→ Work request:
Within the material below, locate the line with "В IC можно выделить" and the line with "Ook de overgang", then return those two lines and all lines between them, exactly as written.

→ Recorded information:
•••••

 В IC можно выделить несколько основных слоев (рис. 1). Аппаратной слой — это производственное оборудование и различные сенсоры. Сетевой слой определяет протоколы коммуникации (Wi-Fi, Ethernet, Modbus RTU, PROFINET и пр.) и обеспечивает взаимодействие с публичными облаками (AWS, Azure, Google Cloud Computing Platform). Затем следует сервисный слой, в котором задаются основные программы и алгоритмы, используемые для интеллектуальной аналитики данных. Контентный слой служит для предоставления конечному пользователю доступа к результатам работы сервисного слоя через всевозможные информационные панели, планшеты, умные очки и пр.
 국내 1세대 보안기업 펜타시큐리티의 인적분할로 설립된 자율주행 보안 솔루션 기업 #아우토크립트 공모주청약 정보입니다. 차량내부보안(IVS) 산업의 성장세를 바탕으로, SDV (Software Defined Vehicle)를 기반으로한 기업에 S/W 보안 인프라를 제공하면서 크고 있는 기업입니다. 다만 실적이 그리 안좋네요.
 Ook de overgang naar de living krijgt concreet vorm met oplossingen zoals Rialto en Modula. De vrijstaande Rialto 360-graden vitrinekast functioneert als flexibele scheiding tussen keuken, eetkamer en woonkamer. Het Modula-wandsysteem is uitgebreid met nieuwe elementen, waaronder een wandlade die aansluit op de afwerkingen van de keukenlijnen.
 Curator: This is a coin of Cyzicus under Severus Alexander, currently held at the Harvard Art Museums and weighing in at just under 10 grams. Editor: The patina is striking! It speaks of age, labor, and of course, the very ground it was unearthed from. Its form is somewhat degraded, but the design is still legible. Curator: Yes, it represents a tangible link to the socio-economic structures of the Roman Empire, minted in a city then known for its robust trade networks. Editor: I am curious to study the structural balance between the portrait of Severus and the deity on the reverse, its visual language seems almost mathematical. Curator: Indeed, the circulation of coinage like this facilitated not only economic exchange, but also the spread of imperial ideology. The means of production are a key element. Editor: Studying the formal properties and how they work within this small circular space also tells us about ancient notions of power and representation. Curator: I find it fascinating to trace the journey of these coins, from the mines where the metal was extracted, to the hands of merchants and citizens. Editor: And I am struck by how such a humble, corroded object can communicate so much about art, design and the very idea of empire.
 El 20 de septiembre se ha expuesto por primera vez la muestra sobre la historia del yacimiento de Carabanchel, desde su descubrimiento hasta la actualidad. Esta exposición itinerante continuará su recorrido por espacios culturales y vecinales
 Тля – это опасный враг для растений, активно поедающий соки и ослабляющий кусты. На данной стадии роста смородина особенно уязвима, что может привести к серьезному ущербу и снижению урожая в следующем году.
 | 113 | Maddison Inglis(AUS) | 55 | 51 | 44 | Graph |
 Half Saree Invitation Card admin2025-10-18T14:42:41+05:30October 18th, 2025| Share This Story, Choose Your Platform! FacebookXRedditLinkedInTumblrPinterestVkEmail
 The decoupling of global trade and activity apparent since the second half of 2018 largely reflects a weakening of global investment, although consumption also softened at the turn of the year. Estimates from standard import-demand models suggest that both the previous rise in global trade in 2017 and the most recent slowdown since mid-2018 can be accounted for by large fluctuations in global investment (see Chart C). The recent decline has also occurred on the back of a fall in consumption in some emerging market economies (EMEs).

•••••

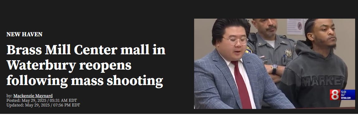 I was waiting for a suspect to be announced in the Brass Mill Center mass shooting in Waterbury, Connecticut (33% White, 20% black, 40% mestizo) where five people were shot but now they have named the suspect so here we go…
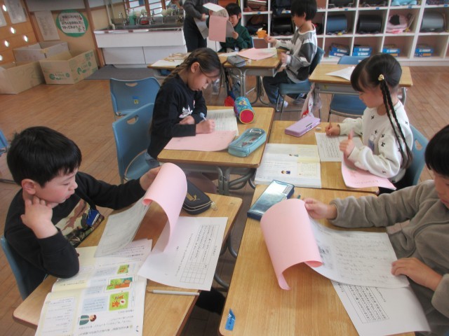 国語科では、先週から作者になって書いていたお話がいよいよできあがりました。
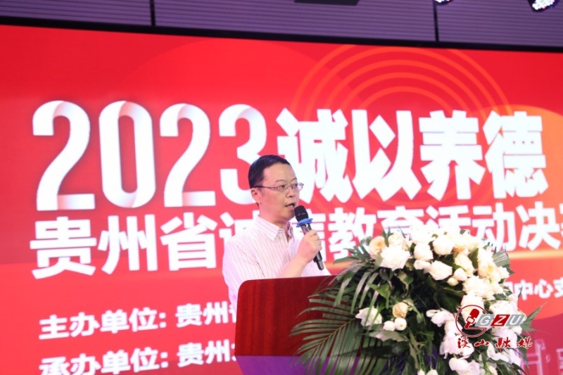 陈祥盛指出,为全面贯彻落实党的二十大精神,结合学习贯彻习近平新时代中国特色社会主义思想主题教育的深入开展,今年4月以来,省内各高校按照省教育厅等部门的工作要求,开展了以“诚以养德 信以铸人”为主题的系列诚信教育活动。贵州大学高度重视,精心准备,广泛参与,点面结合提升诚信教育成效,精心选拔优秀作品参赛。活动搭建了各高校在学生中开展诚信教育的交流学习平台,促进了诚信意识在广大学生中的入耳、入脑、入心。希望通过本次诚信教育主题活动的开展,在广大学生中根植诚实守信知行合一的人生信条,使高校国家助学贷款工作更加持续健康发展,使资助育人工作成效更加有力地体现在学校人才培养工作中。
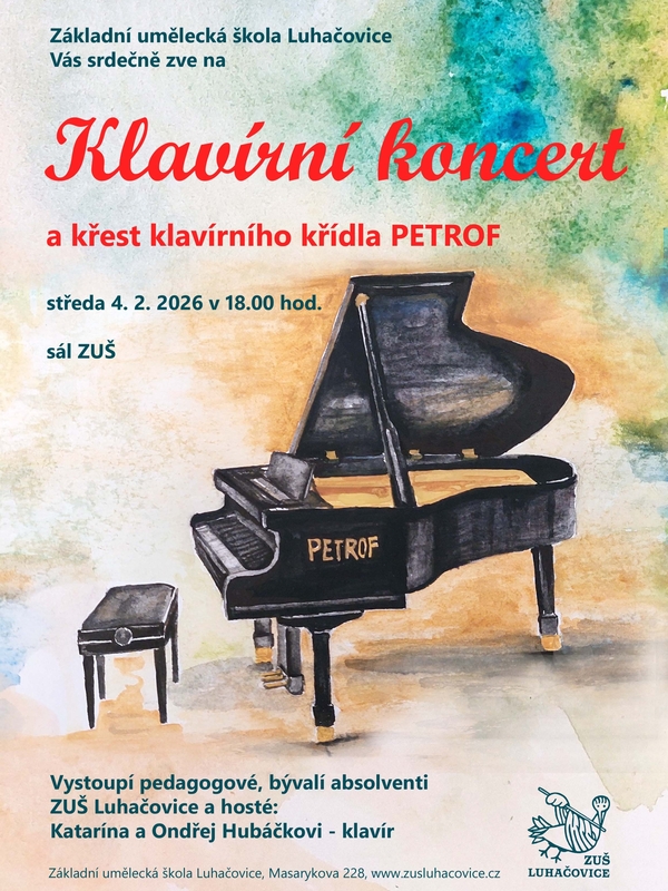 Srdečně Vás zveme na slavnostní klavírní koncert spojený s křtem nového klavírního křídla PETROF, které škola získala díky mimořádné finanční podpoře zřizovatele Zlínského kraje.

•••••

→ Exercise response:
 В IC можно выделить несколько основных слоев (рис. 1). Аппаратной слой — это производственное оборудование и различные сенсоры. Сетевой слой определяет протоколы коммуникации (Wi-Fi, Ethernet, Modbus RTU, PROFINET и пр.) и обеспечивает взаимодействие с публичными облаками (AWS, Azure, Google Cloud Computing Platform). Затем следует сервисный слой, в котором задаются основные программы и алгоритмы, используемые для интеллектуальной аналитики данных. Контентный слой служит для предоставления конечному пользователю доступа к результатам работы сервисного слоя через всевозможные информационные панели, планшеты, умные очки и пр.
 국내 1세대 보안기업 펜타시큐리티의 인적분할로 설립된 자율주행 보안 솔루션 기업 #아우토크립트 공모주청약 정보입니다. 차량내부보안(IVS) 산업의 성장세를 바탕으로, SDV (Software Defined Vehicle)를 기반으로한 기업에 S/W 보안 인프라를 제공하면서 크고 있는 기업입니다. 다만 실적이 그리 안좋네요.
 Ook de overgang naar de living krijgt concreet vorm met oplossingen zoals Rialto en Modula. De vrijstaande Rialto 360-graden vitrinekast functioneert als flexibele scheiding tussen keuken, eetkamer en woonkamer. Het Modula-wandsysteem is uitgebreid met nieuwe elementen, waaronder een wandlade die aansluit op de afwerkingen van de keukenlijnen.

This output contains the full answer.